Had the Third Circuit instead followed the path taken by judges in sister circuits who have questioned extrastatutory ERISA dogma, the needed process of repairing ERISA civil procedure would have been markedly advanced.

Mark D. DeBofsky is a shareholder at DeBofsky Law.

This article was first published by Law 360 on December 7, 2021.

[1] See, DeBofsky, “6th Circ. Ruling Offers Fresh Look at ERISA Exhaustion,” Law 360 (April 24, 2020); available at https://www.law360.com/articles/1264985; DeBofsky, “Benefits Ruling Raises Jury Trial Question for ERISA Cases,” Law 360 (September 24, 2021); available at https://www.law360.com/articles/1424015; DeBofsky, “5th Circ. Opinion is Right to Question ERISA Review Norms,” Law360 (October 5, 2021); available at https://www.law360.com/articles/1427033; DeBofsky, “6th Circ. ERISA Ruling Highlights Dubious Court Practices,” Law360 (November 16, 2021); available at https://www.law360.com/articles/1439402.

[2] Avenoso v. Reliance Standard Life Ins. Co., 2021 U.S.App.LEXIS 35264, 2021 WL 5570816 (8th Cir. November 30, 2021).

[3] Noga v. Fulton Financial Corp. Employee Benefit Plan, 2021 U.S.App.LEXIS 35082, 2021 WL 5540848 (3d Cir. November 26, 2021).

[4] Rule 56 provides that summary judgment shall be granted “if the movant shows that there is no genuine dispute as to any material fact and the movant is entitled to judgment as a matter of law.”

[5] See, e.g., Doe v. Harvard Pilgrim Health Care, Inc., 974 F.3d 69, 72 (1st Cir. 2020) (holding that “a summary judgment motion in a lawsuit contesting the denial of benefits under ERISA is simply a vehicle for teeing up the case for decision on the administrative record” and thus “the district court … may weigh the facts” and “resolve conflicts in evidence”).

[6] Anderson v. Liberty Lobby, Inc., 477 U.S. 242, 255 (1986).

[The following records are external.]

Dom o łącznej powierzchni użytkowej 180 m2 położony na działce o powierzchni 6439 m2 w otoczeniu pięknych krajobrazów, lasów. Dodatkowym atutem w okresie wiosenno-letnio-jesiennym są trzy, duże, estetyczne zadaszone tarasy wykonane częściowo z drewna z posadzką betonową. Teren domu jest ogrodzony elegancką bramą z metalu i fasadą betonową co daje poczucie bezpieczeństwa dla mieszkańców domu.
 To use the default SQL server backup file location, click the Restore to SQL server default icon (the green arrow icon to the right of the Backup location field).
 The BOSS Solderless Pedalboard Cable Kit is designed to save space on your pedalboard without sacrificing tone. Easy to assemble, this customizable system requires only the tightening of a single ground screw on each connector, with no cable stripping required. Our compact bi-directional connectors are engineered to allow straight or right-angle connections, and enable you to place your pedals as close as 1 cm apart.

[7] See, e.g., e.g., 5 U.S.C. § 706 (requiring judicial review of agency action based on the “whole record”); 42 U.S.C. § 405(g) (requiring judicial review of Social Security benefit determinations based on a “transcript of the record including the evidence upon which the findings and decision complained of are based”).

[8] Firestone Tire & Rubber Co. v. Bruch, 489 U.S. 101, 115 (1989).

[9] 489 U.S. at 110, quoting Pilot Life Ins. Co. v. Dedeaux.

[10] Citing Mark D. DeBofsky, The Paradox of the Misuse of Administrative Law in ERISA Benefit Claims, 37 J. MARSHALL L. REV. 727, 730 (2004).

[11] 5 U.S.C. § 551, et al.

[12] Bank of Nova Scotia v. United States, 487 U.S. 250, 255, 101 L. Ed. 2d 228, 108 S. Ct. 2369 (1988). Also see, Moravian School Advisory Board of St. Thomas v. Rawlins, 33 V.I. 280, 70 F.3d 270, 274 (3d Cir. 1995) (holding that federal courts may not exercise their authority in a manner inconsistent with a rule or statute); G. Heileman Brewing Co. v. Joseph Oat Corp., 871 F.2d 648, 652 (7th Cir. 1989) (en banc) (finding that federal courts’ inherent powers should be exercised in a manner that is in harmony with the Federal Rules of Civil Procedure).

[13] In a seminal article on administrative law entitled “Some Kind of Hearing,” Judge Henry Friendly identified the elements necessary for a fair administrative hearing: 1) an unbiased tribunal; 2) notice of the proposed action and the grounds asserted for it; 3) an opportunity to present reasons why the proposed action should not be taken; 4) the right to call witnesses, including the right to cross-examine adverse witnesses; 5) the right to know the evidence at issue; 6) the right to have a decision based on the evidentiary record; 7) the right to counsel; 8) a record; 9) articulated reasons for the decision; 10) public attendance; and 11) judicial review. 122 U.Pa.L.Rev. 1267, 1279-95 (1975).

[14] 29 U.S.C. § 1133.

[15] 29 C.F.R. § 2560.503-1.

[16] Rule 43(a) of the Federal Rules of Civil Procedure requires that “witness’ testimony must be taken in open court.” Applying administrative procedures to ERISA claims abrogates that rule.